Data from 346 patients were analyzed. Patients' mean [ or -] standard deviation age was 64 [ or -] 26.56 years and 57.5% were women. On admittance to the hospital, >25% of patients had more than one diagnosis and were classified as other. The most common diet orders were regular, cardiac, and diabetic. Mean LOS was 3.63 [ or -] 4.70 days. Cardiac diet orders were low in total fat, saturated fat, and cholesterol, whereas diabetic diet orders had a restriction on the amount of carbohydrate and were classified as low, medium, or high. During the visual lunch plate waste study, when the meals were served, a total of 323 (93.4%) patients accepted the tray, seven (2.0%) refused the tray, eight (2.3%) were not in the room, and eight (2.3%) had been either discharged or were under a nothing by mouth order. From a pool of 346 patients, 36.7% (n=127) ate >50% of the food served, 46.2% (n= 160) ate <50%, and 17.1% (n=59) did not eat their lunch.

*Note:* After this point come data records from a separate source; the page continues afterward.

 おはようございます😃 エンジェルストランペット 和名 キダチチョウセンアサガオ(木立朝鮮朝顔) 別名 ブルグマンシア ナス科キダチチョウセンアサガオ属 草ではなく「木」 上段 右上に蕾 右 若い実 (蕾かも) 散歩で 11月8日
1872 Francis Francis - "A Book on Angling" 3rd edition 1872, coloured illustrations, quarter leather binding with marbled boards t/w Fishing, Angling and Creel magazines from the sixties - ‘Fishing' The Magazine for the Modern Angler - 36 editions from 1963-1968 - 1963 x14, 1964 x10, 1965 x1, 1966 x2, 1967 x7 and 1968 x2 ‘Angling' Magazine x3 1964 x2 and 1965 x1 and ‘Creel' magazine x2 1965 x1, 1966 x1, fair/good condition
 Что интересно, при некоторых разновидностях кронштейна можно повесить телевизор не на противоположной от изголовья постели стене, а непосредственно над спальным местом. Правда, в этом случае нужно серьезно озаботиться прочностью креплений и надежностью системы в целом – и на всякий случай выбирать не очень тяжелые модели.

LOS had a relationship to plate waste indicating that for every day a patient was in the hospital, the odds of plate waste increased by 14.1%. Depending on the type of diet order, visual plate waste either increased or decreased. In patients receiving a diabetic diet order, odds of visual plate waste decreased by 61.2%, indicating there was reduction in plate waste. Conversely, in patients receiving altered consistency diet orders, odds of visual plate waste increased by 344% signifying a tremendous increment in plate waste. The other diet orders did not have any significant effect on plate waste.

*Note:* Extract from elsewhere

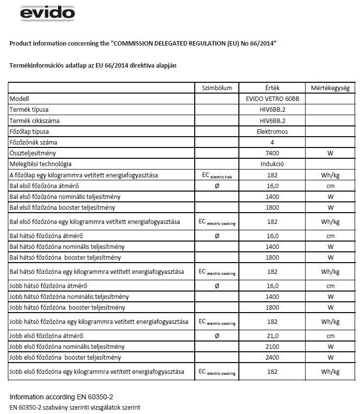 EVIDO VETRO 60BB indukciós főzőlap, 60 cm, multizone, fekete

Few or no studies have primarily compared visual plate waste to factors such as diet order, LOS, diagnosis at admittance, and sex. In the present study, LOS and type of diet order had an effect on visual plate waste. Duration of stay in the hospital appears to result in increased visual plate waste. Similarly, observations were noted with types of diet order and plate waste in that visual plate waste increased in patients receiving altered consistency diets. An increase in hospital costs and the need for adequate patient nutrition makes it imperative to look at factors that affect visual plate waste.

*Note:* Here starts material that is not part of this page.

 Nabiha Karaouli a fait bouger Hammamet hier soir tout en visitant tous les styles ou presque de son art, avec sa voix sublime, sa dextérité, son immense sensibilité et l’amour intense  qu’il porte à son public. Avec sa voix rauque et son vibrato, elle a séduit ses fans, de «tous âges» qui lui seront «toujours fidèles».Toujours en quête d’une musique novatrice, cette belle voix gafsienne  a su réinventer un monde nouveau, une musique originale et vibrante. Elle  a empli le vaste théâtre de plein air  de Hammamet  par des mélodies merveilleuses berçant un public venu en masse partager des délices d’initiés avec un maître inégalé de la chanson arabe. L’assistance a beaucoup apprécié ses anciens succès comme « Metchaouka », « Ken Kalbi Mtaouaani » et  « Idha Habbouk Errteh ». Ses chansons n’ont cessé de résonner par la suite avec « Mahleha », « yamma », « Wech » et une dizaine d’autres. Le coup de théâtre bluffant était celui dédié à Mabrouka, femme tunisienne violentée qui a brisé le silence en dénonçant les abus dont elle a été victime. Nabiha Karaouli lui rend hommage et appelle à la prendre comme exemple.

This pilot study showed that altered consistency diets and longer LOS resulted in greater visual plate waste in a conventional foodservice system. Continued plate waste in patients may inhibit food consumption, affecting nutritional status, and predisposing to malnutrition. Registered dietitians working in acute-care facilities need to develop strategies to create cost-effective, nutritionally balanced, altered consistency diets that would improve patient food compliance. Other strategies to encourage food consumption for patients in the hospital or before admittance include nutrition education, developing palatable foods that have greater acceptance, catering to patients' scheduling needs, developing alternate approaches to traditional menu systems (such as spoken menus), conducting focus groups or surveys to determine menu acceptance, and tasting of innovative foods. Last, but not least, future research could focus on the relationships between medications, anesthesia, food delivery systems, menu modification, LOS, types of diet orders, and their effectiveness on plate waste.